Last week I told you about a new report just released by the President’s Cancer Panel—a panel of experts created in 1971 to keep the president informed about the activities of the National Cancer Program. It’s a 200-page report that warns about the dangers of environmental pollution on the nation’s health and urges government to take a stronger position on the regulation of these chemicals in our environment.

In an effort to determine the effects of environmental toxins on our health, the PCP report reviews the dangers of exposure to industrial chemicals that persist in the environment (like PCBs), as well as insecticides, herbicides and fertilizers; heavy metals such as mercury and arsenic; air pollution; tobacco smoke; contaminated drinking water (including pharmaceutical drug contamination); electromagnetic waves (think cell phones); UV radiation; and even military chemical exposure. What’s more, it gives recommendations to help reduce our exposure to these harmful toxins. Here are some of the highlights:

  • “Parents and child care providers should choose foods, house and garden products, play spaces, toys, medicines, and medical tests that will minimize children’s exposure to toxics. 
  • Both mothers and fathers should avoid exposure to endocrine-disrupting chemicals [such as BPA] and known or suspected carcinogens prior to a child’s conception and throughout pregnancy and early life, when the risk of damage is greatest. 
  • Family exposure to numerous occupational chemicals can be reduced by removing shoes before entering the home and washing work clothes separately from other family laundry.
  • Filtering home tap or well water can decrease exposure to numerous known or suspected carcinogens and endocrine-disrupting chemicals.  Unless the home water source is known to be contaminated, it is better to use filtered tap water instead of commercially bottled water. 
  • Storing and carrying water in stainless steel, glass, or BPA-free and phthalate-free containers will reduce exposure to endocrine-disrupting and other chemicals that may leach into water from plastics.
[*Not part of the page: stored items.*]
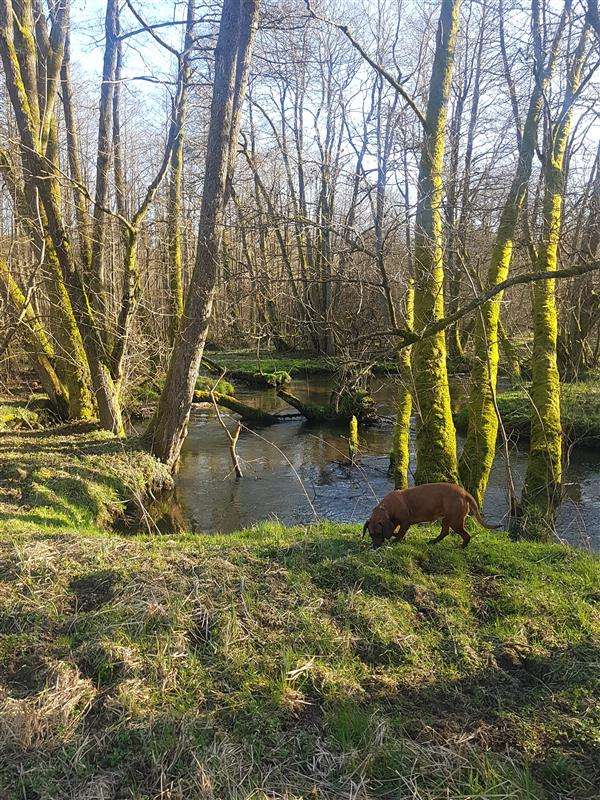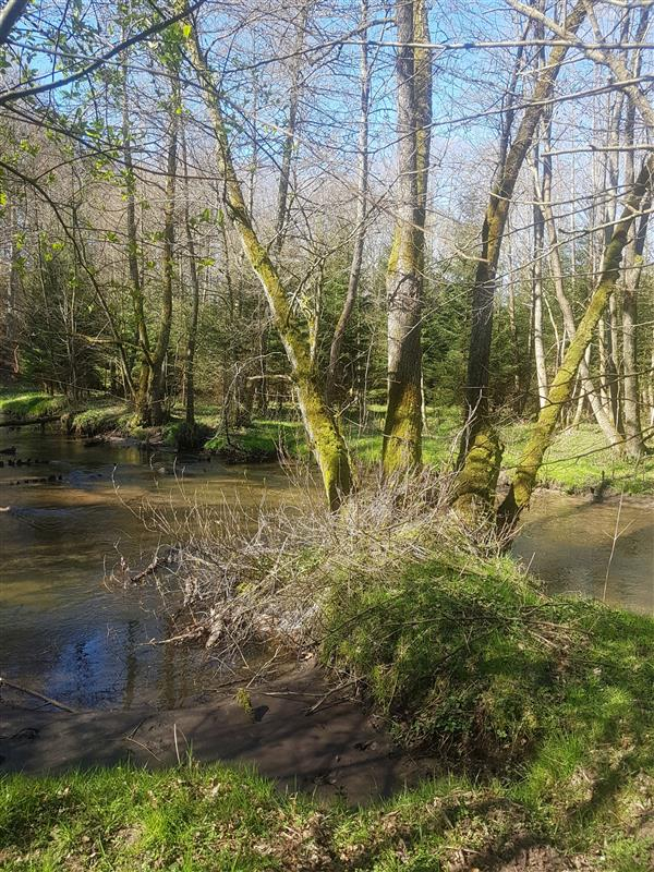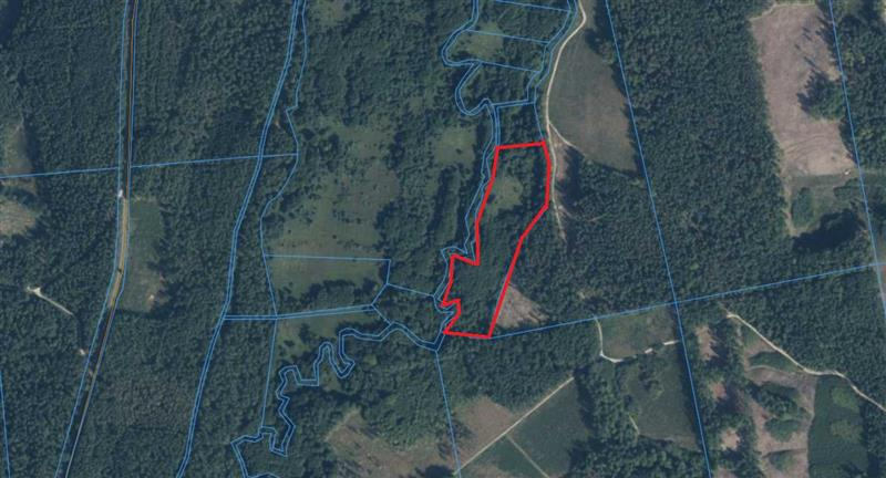 Przepięknie położona działka, wśród lasów i polan z linią brzegową rzeki Grabowa.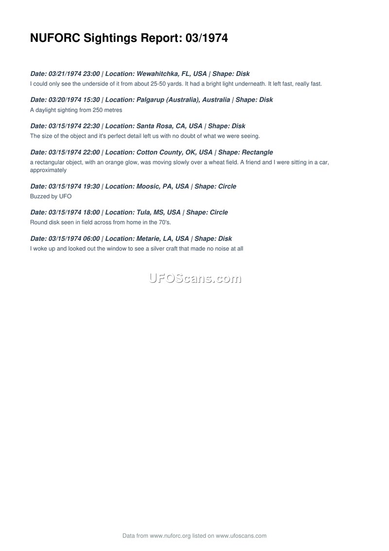 This document is a compilation of UFO sighting reports from March 1974, published by the National UFO Reporting Center (NUFORC). The report lists seven distinct incidents occurring between March 15 and March 21, 1974. The locations span various regions, including Wewahitchka, Florida; Palgarup, Australia; Santa Rosa, California; Cotton County, Oklahoma; Moosic, Pennsylvania; Tula, Mississippi; and Metarie, Louisiana. The reported objects vary in shape, including disks, a rectangle, and circles. Witness descriptions include observations of bright lights, orange glows, silver craft, and silent movement. One report mentions a daylight sighting at a distance of 250 meters, while another describes an object moving slowly over a wheat field. The document serves as a historical record of these specific civilian-reported encounters.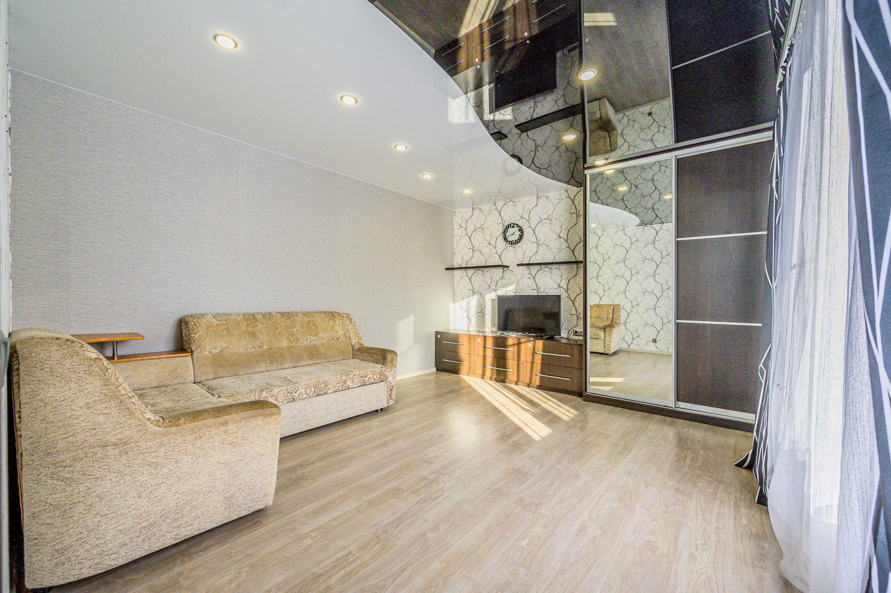 На 1 этаже находятся прихожая со шкафом-купе, кухня-гостиная, оборудованная встроенной мебелью и техникой, большой санузел с акриловой ванной и гостевая спальня.
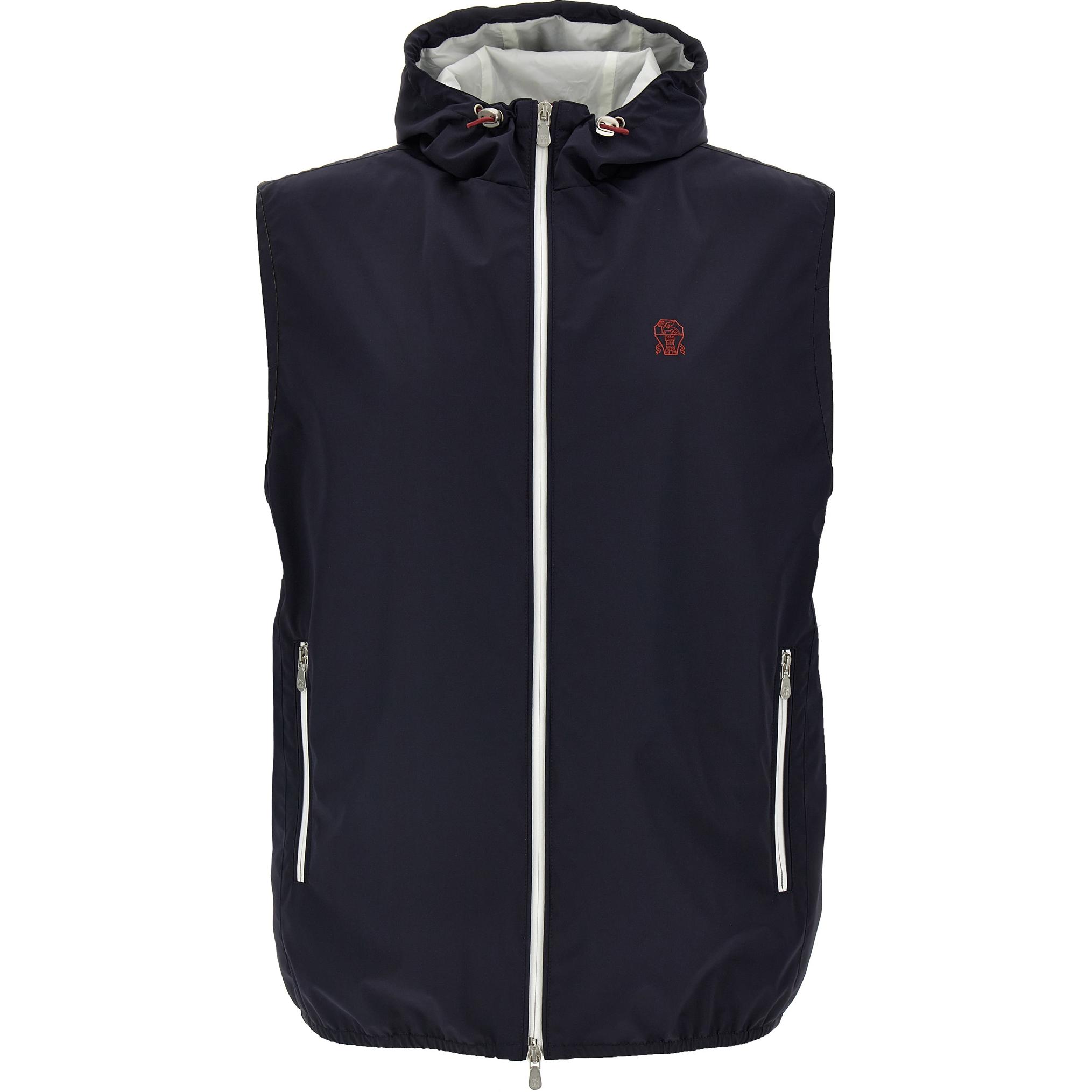 Вышитый логотипом жилет на молнии Brunello Cucinelli, синий

Similarly, microwaving in ceramic or glass instead of plastic containers will reduce exposure to endocrine-disrupting chemicals that may leach into food when containers are heated. 
  • Exposure to pesticides can be decreased by choosing food grown without pesticides or chemical fertilizers and washing conventionally grown produce to remove residues.
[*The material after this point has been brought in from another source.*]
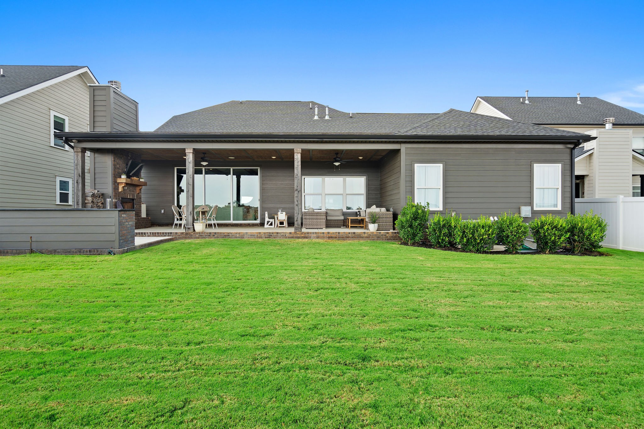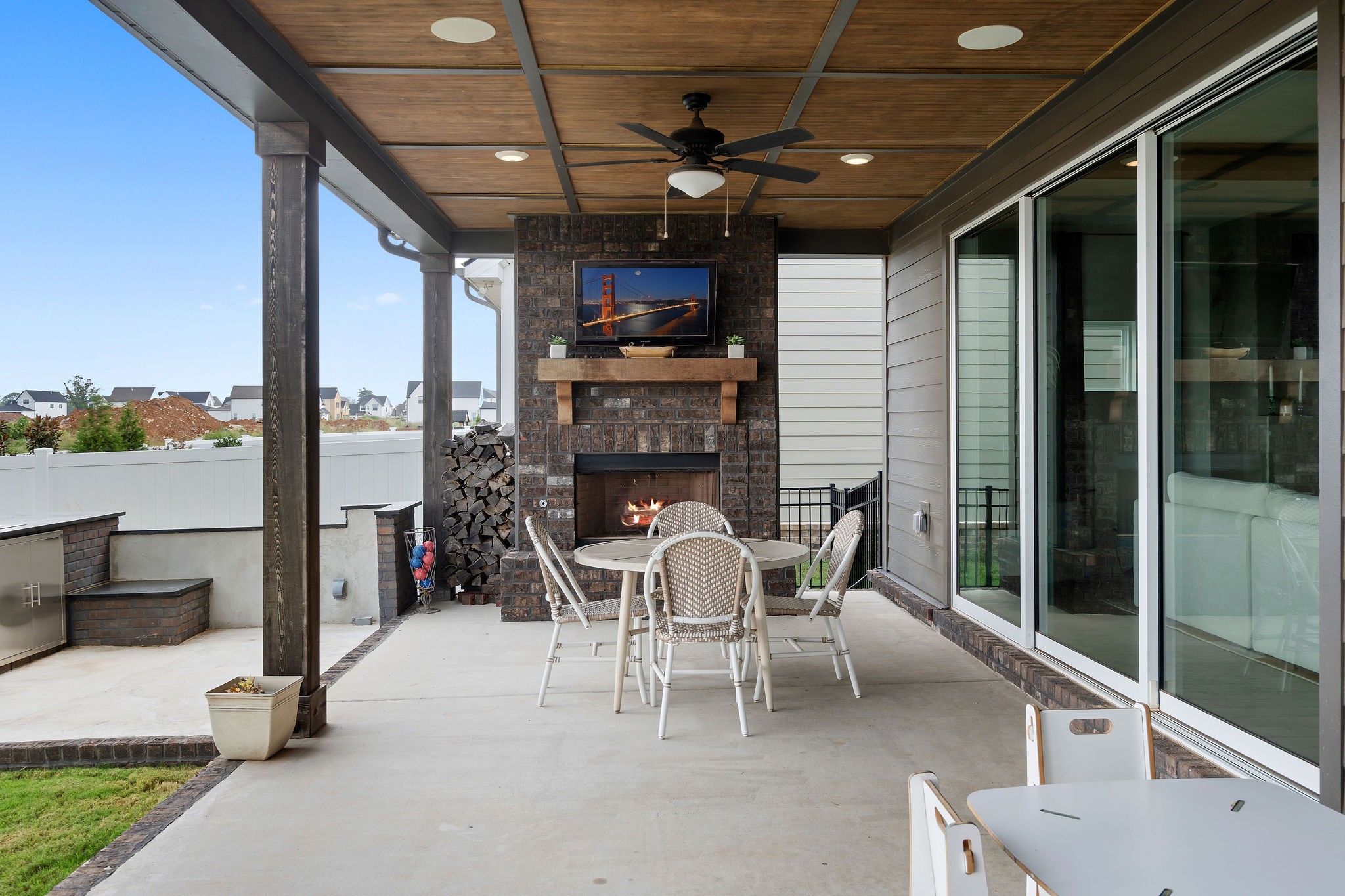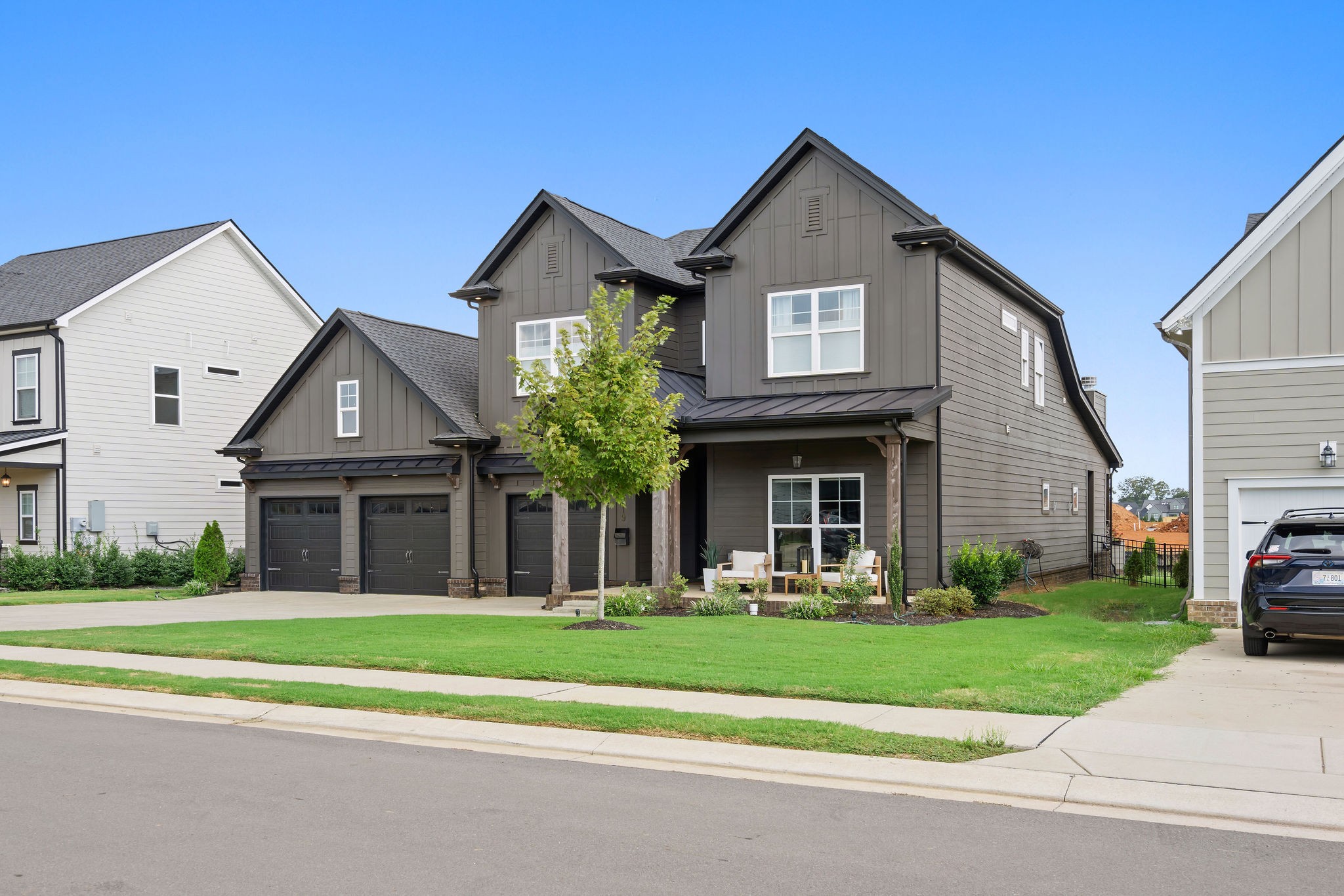 Luxury Fully-furnished Executive Home in Shelton Square! This stunning home offers everything you need for comfort and entertainment in a walkable neighborhood with top-tier amenities, including a resort-style pool, clubhouse, gym, playground, dog park, basketball court, fishing pond, and walking trails. The open layout features triple sliding doors that connect seamlessly to a spacious back patio with a wood-burning fireplace, outdoor grilling kitchen, and upgraded features worth over $100,000. The 3-car garage includes a workshop and refrigerator for added convenience. The outdoor space is perfect for entertaining, with a fully-fenced yard, kegerator, expanded covered deck, TV, and seating area. The primary suite delights with coffered ceilings, a freestanding tub, and his-and-hers closets. The formal entry includes a powder room, while the bourbon room/flex space downstairs can serve as a 5th bedroom. A gas fireplace, cedar beam ceiling, and large glass sliders create an inviting atmosphere for gatherings. Upstairs, you'll find 3 bedrooms (one with an ensuite), a large bonus room, and walk-in attic storage. Conveniently located near Franklin, Nashville, and downtown, this home combines luxury and practicality in one incredible package.

  • Exposure to antibiotics, growth hormones and toxic runoff from livestock feed lots can be minimized by eating free-range meat.
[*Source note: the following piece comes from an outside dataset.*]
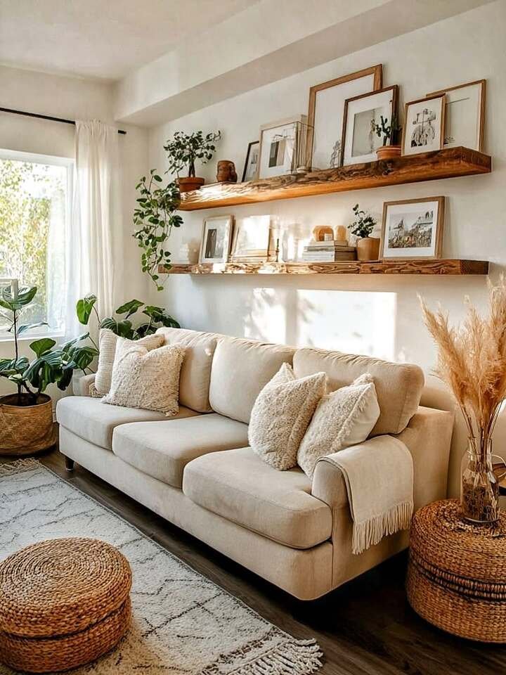 The real star, though, is those long wooden shelves stacked with art and little objects. This is a smart move if you want that curated minimalist boho living room style without committing to a big gallery wall. The frames overlap and lean casually, which makes the whole thing look like it came together over time, not in one stressful day with a hammer.

  • Avoiding or minimizing consumption of processed, charred, and well-done meats will reduce exposure to carcinogens.
  • Individuals can choose products made with non-toxic substances or environmentally safe chemicals.
  • Reducing or ceasing landscaping pesticide and fertilizer use will keep these chemicals from contaminating drinking water supplies.” 

Though all of this information at once may seem a little alarming, I can’t stress enough how important it is that the danger of toxin exposure is finally receiving the attention it should. My hope now is that more people will take responsibility for their health—and the health of our planet—by taking steps to reduce toxins in their daily lives.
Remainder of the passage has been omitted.